WHAT THE TASK ASKS >> Would you please repeat exactly the entries below, starting at the line with "USA, lunghezza 22,5" and ending at the line with "Calle de Alcalá, 48.", and nothing outside that range? Leave out the pictures.

INFORMATION GIVEN >>
+ + +
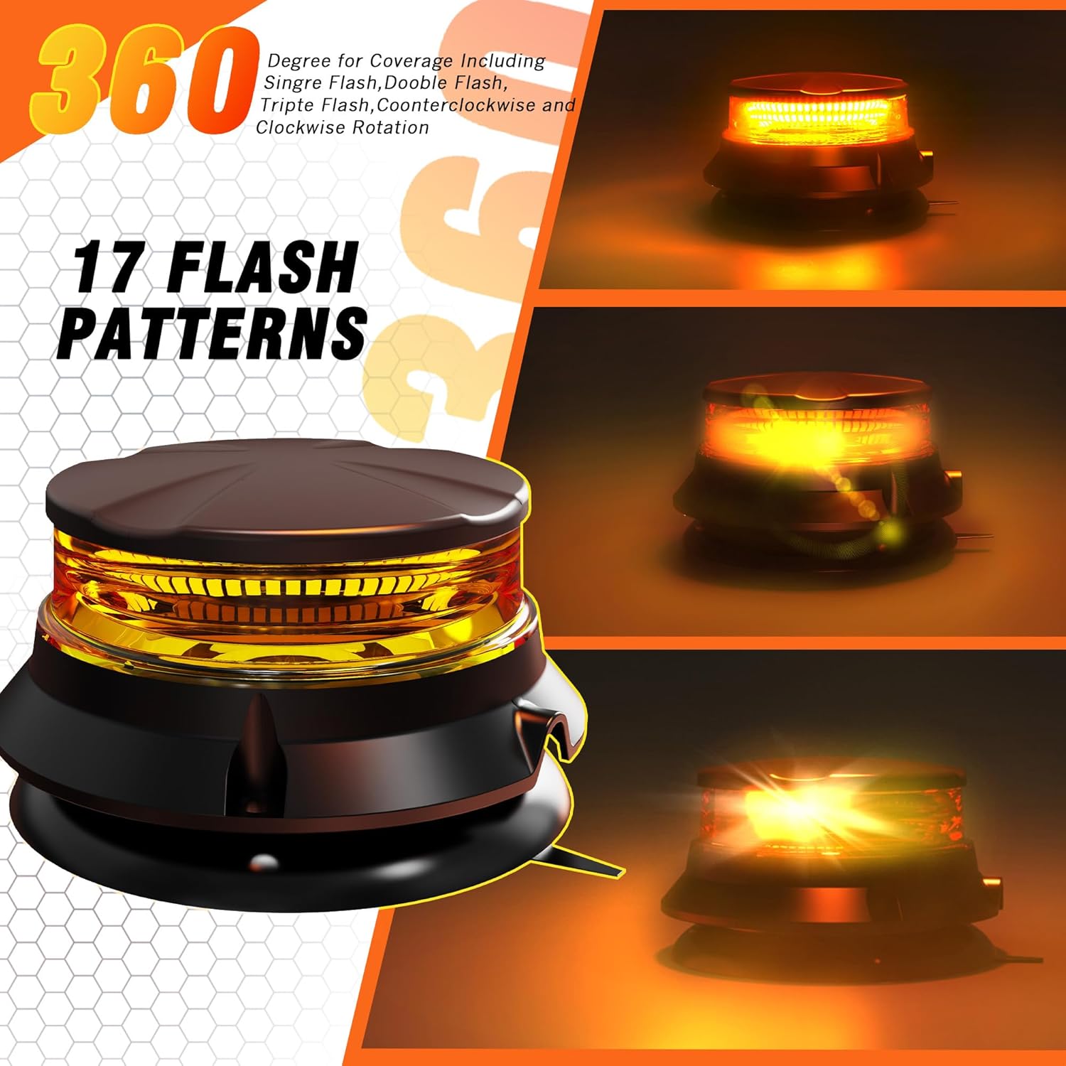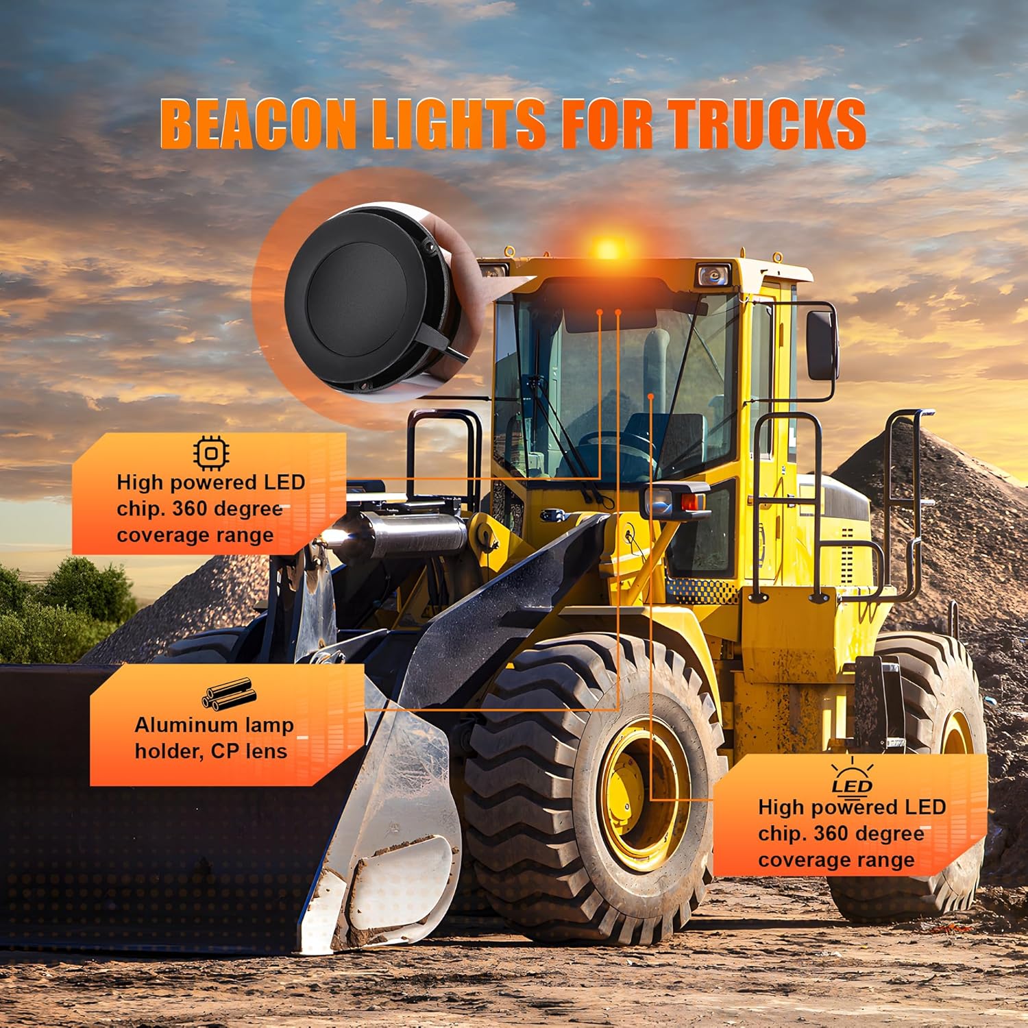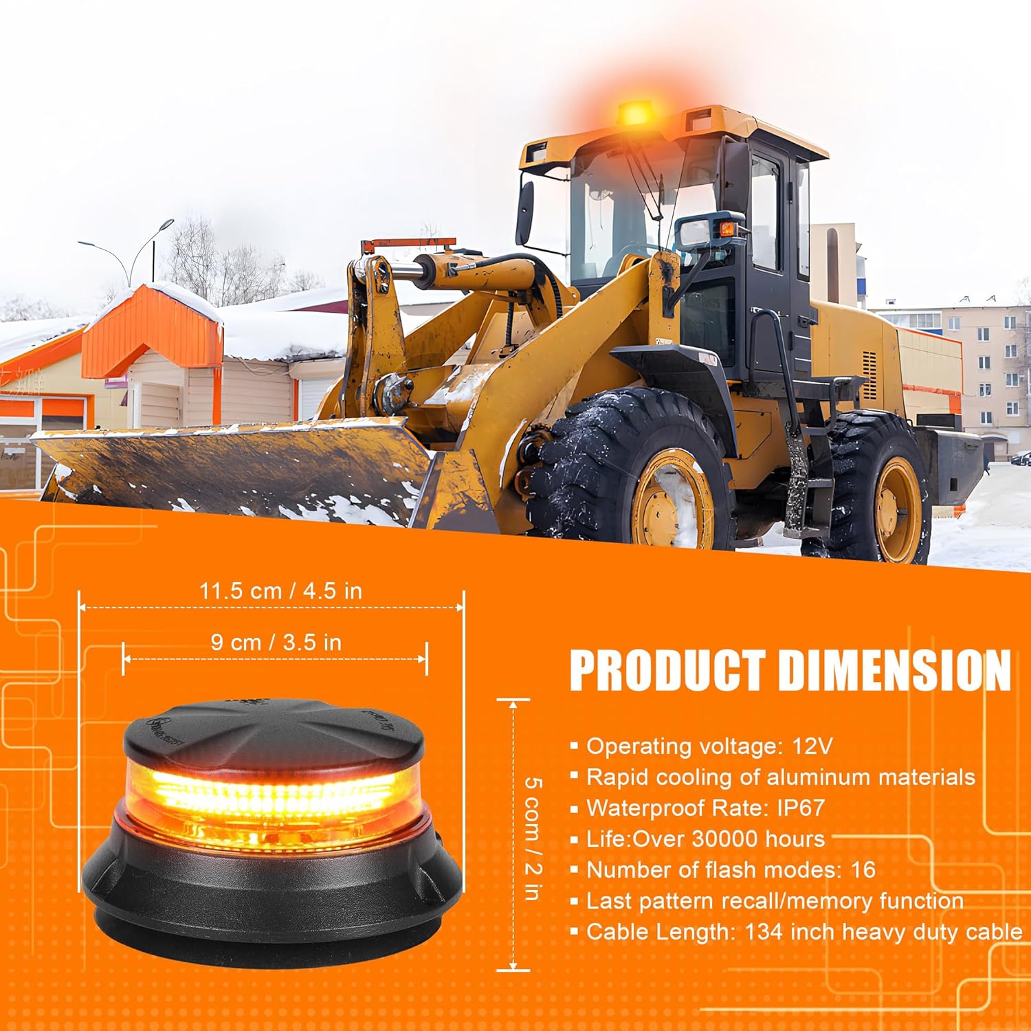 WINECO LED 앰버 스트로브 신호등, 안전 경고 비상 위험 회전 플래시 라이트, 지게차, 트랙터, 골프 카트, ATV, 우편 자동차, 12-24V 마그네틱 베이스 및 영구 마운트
+ + +
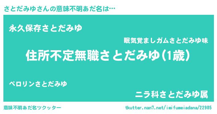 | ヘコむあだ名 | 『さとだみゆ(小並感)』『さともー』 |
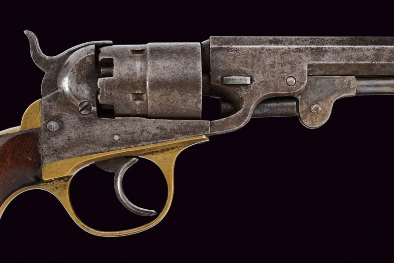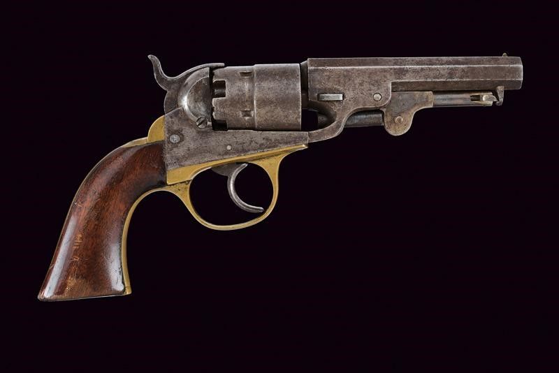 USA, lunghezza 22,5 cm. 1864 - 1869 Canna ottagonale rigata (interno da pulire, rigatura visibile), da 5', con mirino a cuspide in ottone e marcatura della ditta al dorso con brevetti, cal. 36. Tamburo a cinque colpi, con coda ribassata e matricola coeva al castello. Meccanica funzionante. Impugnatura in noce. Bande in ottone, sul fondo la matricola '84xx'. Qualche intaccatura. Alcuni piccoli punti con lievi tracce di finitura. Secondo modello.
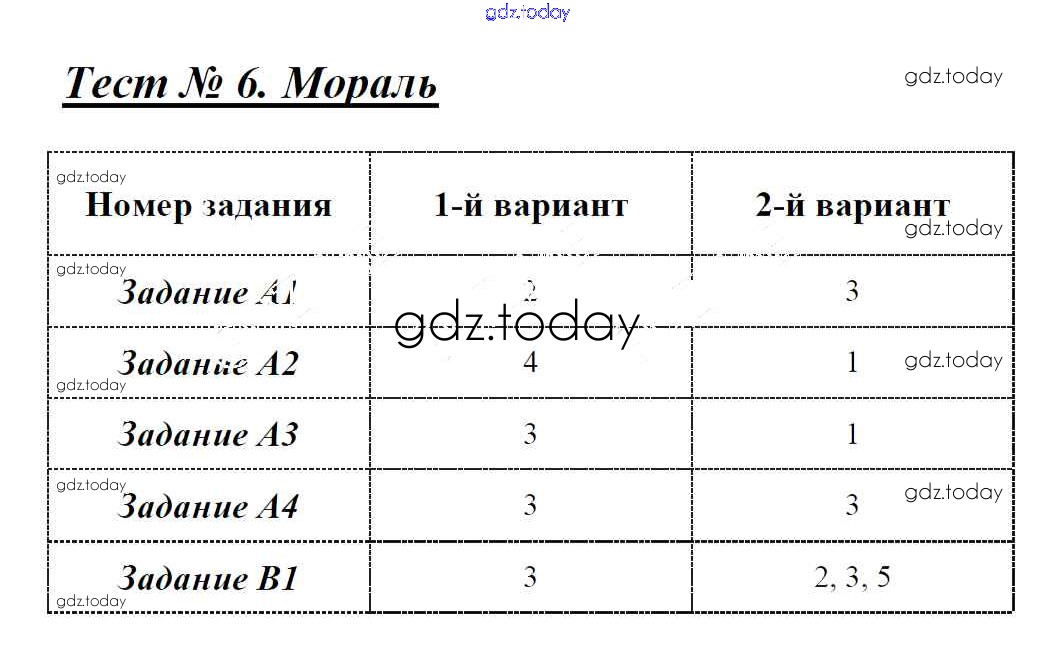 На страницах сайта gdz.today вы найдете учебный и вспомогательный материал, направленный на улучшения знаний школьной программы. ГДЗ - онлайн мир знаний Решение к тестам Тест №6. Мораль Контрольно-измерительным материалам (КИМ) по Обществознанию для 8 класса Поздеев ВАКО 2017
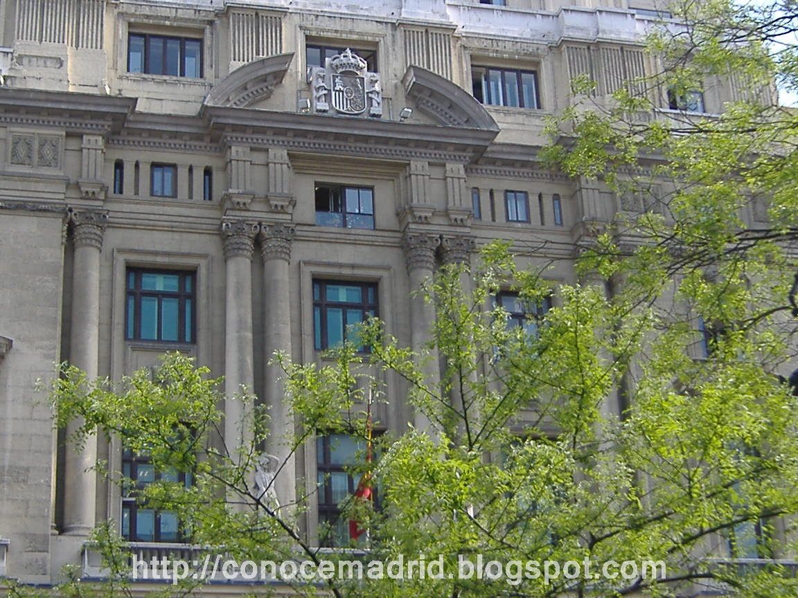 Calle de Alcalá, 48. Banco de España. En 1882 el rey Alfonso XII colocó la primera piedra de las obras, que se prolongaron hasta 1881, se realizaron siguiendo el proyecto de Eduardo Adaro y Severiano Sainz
+ + +
YOUR RESPONSE >>
 USA, lunghezza 22,5 cm. 1864 - 1869 Canna ottagonale rigata (interno da pulire, rigatura visibile), da 5', con mirino a cuspide in ottone e marcatura della ditta al dorso con brevetti, cal. 36. Tamburo a cinque colpi, con coda ribassata e matricola coeva al castello. Meccanica funzionante. Impugnatura in noce. Bande in ottone, sul fondo la matricola '84xx'. Qualche intaccatura. Alcuni piccoli punti con lievi tracce di finitura. Secondo modello.
 На страницах сайта gdz.today вы найдете учебный и вспомогательный материал, направленный на улучшения знаний школьной программы. ГДЗ - онлайн мир знаний Решение к тестам Тест №6. Мораль Контрольно-измерительным материалам (КИМ) по Обществознанию для 8 класса Поздеев ВАКО 2017
 Calle de Alcalá, 48. Banco de España. En 1882 el rey Alfonso XII colocó la primera piedra de las obras, que se prolongaron hasta 1881, se realizaron siguiendo el proyecto de Eduardo Adaro y Severiano Sainz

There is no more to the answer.